▶ [PROBLEM TO SOLVE] Given the listing that follows, report all lines in which the string "Figure" occurs.

▶ [MATERIALS PROVIDED]
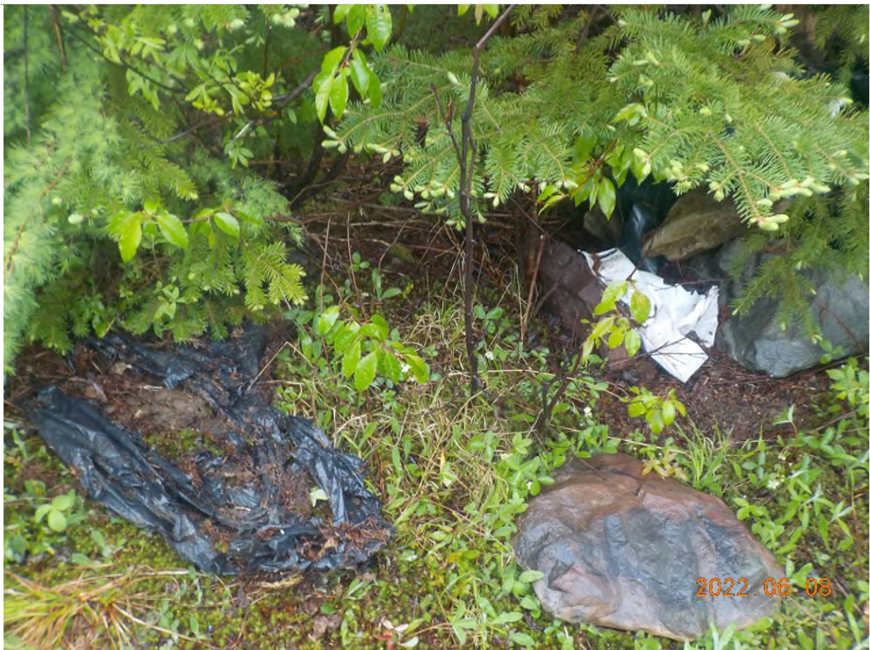
Figure 2: Débris à ramasser
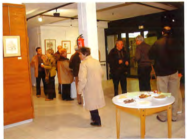
Inauguració de l'exposició col·lectiva de Nadal 23/12/04
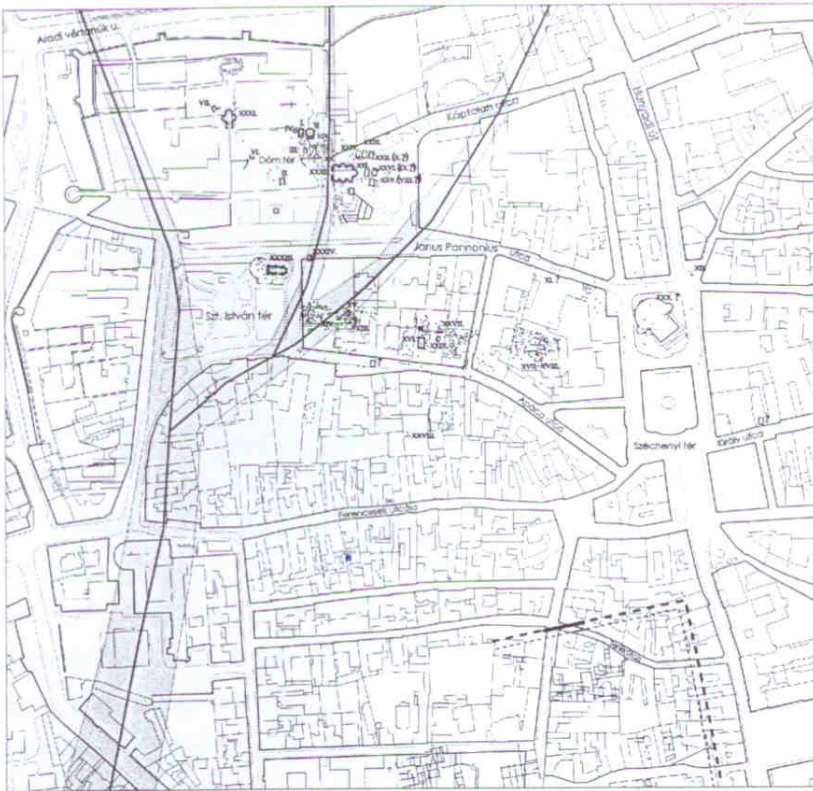
2. kép: Geomorfológiai viszonyok alapján meghatározható utak
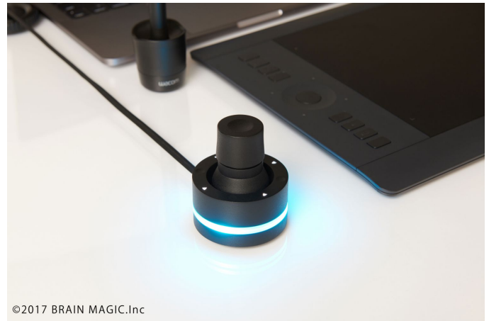
©2017 BRAIN MAGIC, Inc.
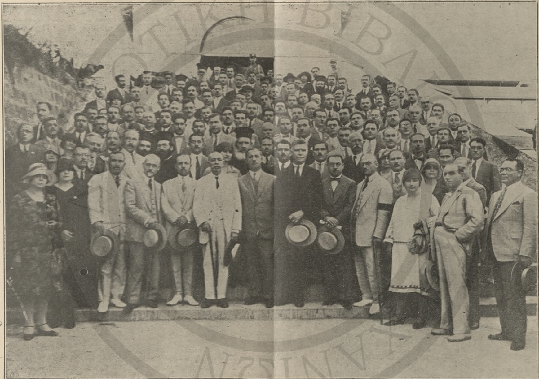
Οι Λειτουργοὶ τῆς Μ. Ἐκπαιδεύσεως μετὰ τὴν λήξιν τοῦ Παιδαγωγικοῦ Συνεδρίου
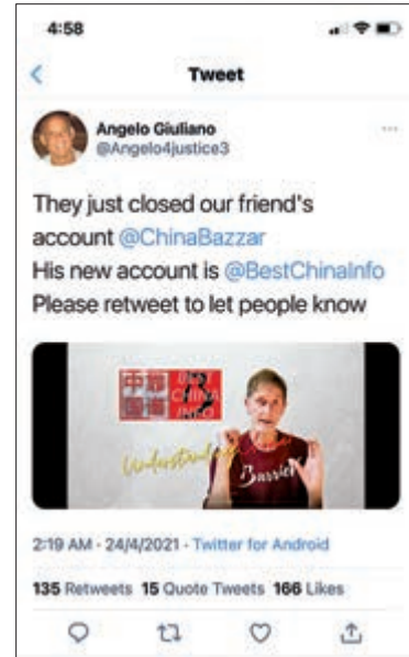
白矛新的推特賬號為@BestChinaInfo。網頁截圖
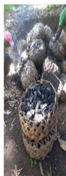
Conditionnement en corbeilles: 7 euros l'unité
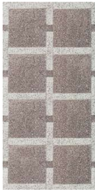
Kombinationen aus den Platten 5005 und 705
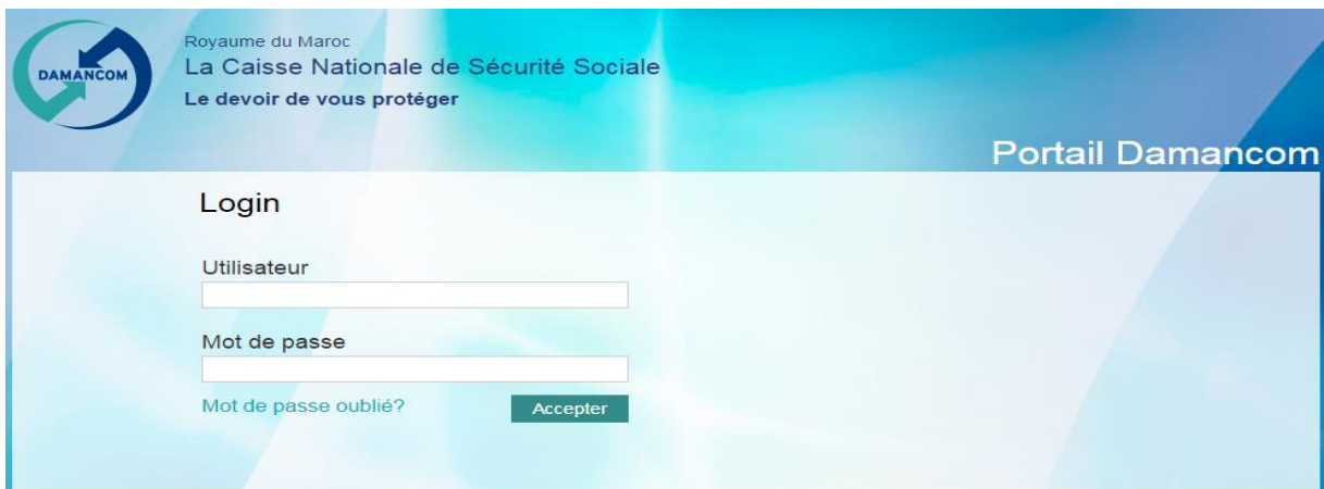
Figure 1 : Authentification à l'espace Affilié

L'authentification à l'espace privé du portail DAMANCOM, requiert 2 niveaux sécurisés. Le premier consiste à sélectionner le certificat numérique déjà installé et introduire dans un 2 ème niveau le login et mot de passe.
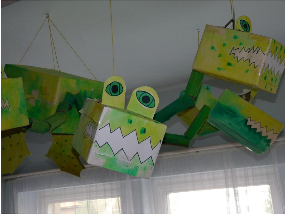
Velká loutka - drak z papírových krabic vytvořený s pomocí dětí.
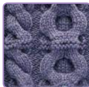
УЗОР 30 Страница 72
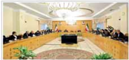
جلسه ویژه هیات دولت برای پیگیری حادثه منا

روز انقلاب در پی فاجعه مصیبت بار دگرگون فر ما امروز عراق صومالی اعلام کرده است مدیریت غلط و اقدامات ناشایسته‌ای که عامل این فاجعه بوده است نباید از نظر دور بماند
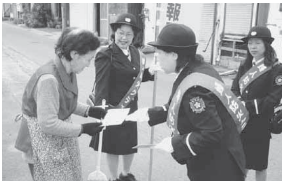
火災警報器設置を呼び掛けるさくら分団団員
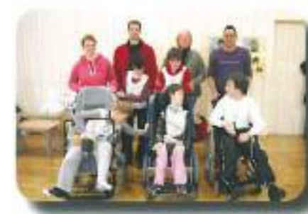
tekmovali na regijskih igrah MATP v Črni
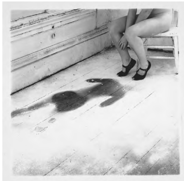
Francesca Woodman, Autoportrét (1976)

Snaha získat od sebe odstup a možnost zkoumat vztah k vlastnímu tělu byly a jsou motivací pro řadu autorů a autorek. Jednou z nich byla americká fotografka Francesca Woodman (1958–1981), která fotila surrealistické, humorné a někdy až bolestně upřímné obrazy sebe sama. Během svého krátkého života vytvořila na 800 snímků, na nichž ji obvykle vidíme napůl skrytou nebo zastřenou – někdy nábytkem, jindy pomalou expozicí, která její postavu rozostřuje do přízračné podoby. Na otázku, proč se stala objektem vlastních fotografií odpověděla: „Je to otázka pohodlí, jsem totiž vždy k dispozici.“ 3
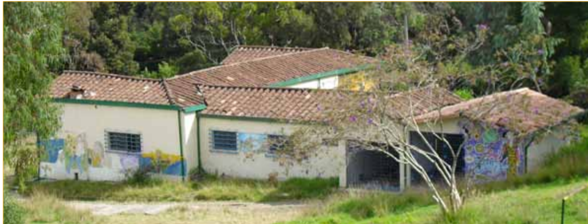
La vieja casa. Pronto se inicia la demolición.

Mucho ha esperado la comunidad de Santa Elena para ver una sede adecuada para su escuela de música. Y ya se llegó el día pues pronto se iniciarán las obras de demolición de la vieja casa que hay en la Institución Educativa para dar paso a la nueva estructura. Y la música estará agradecida
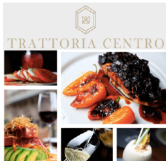
Un premio popular fue una comida o cena en el restaurante Trattoria Centro
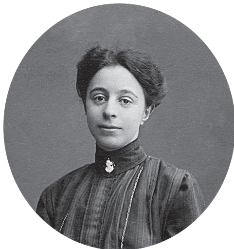
Рис. 2. Из выпускного альбома Женского педагогического института. 1909 г.

города Верного (Алма-Аты). Отказаться Надежда не могла, так как семья нуждалась в ее зарботке.
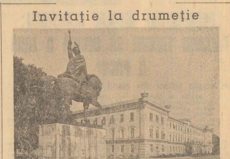
La filialele de turism bucurestene se pot procura bilete pentru excursii organizate cu prilejul zilei de 1 Mai. Avînd o durată de patru zile și jumătate, excursiile prezintă străbaterea celor mai pitorești zone turistice ale țării. Dintre obiectivele ce vor fi vizitate, enumerăm: monumentele istorice din Alba Iulia, sculpturile lui Brâncuși din Tirgu Jiu, zona Porților de Fier

Problemele scrise se vor desfășura, în întreaga țară, la data de 15 aprilie 1979, ora 9, în localitățile reședință de județ, la unitățile de învățămînt stabilite de inspectoratele școlare.
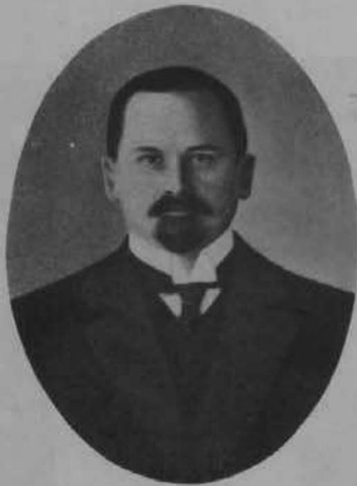
Государственный Секретарь, сенаторъ, т. с. С. Е. КРЫЖАНОВСКІЙ.
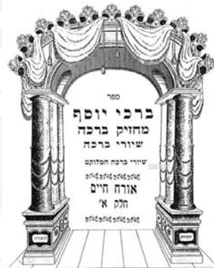
מחזיק ברכה למון החיד"א – כאן נידון אולי לראשונה למעשה מניין המרפסות...

המחבר כותב בהקדמתו לספר כי אין הוא מתיימר להיות מחבר ספר, וכי הוא מתייחס לציירתו זאת כאל 'משלי הנערים'. למרות זאת החיבור הופץ, ונתקבל בבי מדרשא בחיבובות יתר,
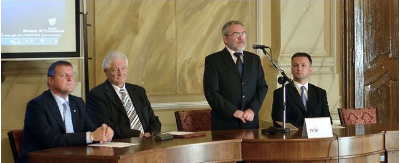
Levéltári konferencia a gyulai városházán.

A gyulaiak a török hódoltság időszaka előtt számos kiváltsággal rendelkeztek GYULAI HÍRLAP • S. E. • HÍREK • 2014. szeptember 22. 17:00
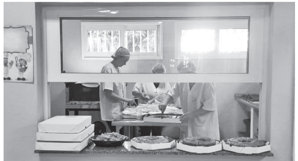
Refeitório e cozinha são amplos e modernos
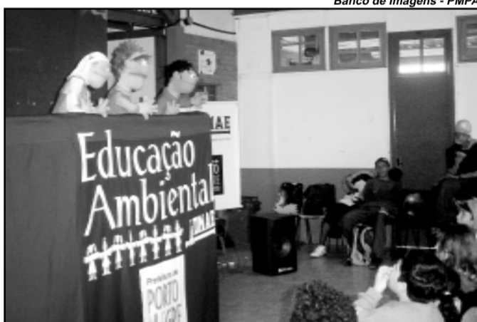
Dmae participa com a Equipe de Educação Ambiental

O passeio orientado começa às 9h, com a saída da Estação Moinhos de Vento para a Estação de Bombeamento Voluntários da

▶ [TASK OUTPUT]
Figure 2: Débris à ramasser
Figure 1 : Authentification à l'espace Affilié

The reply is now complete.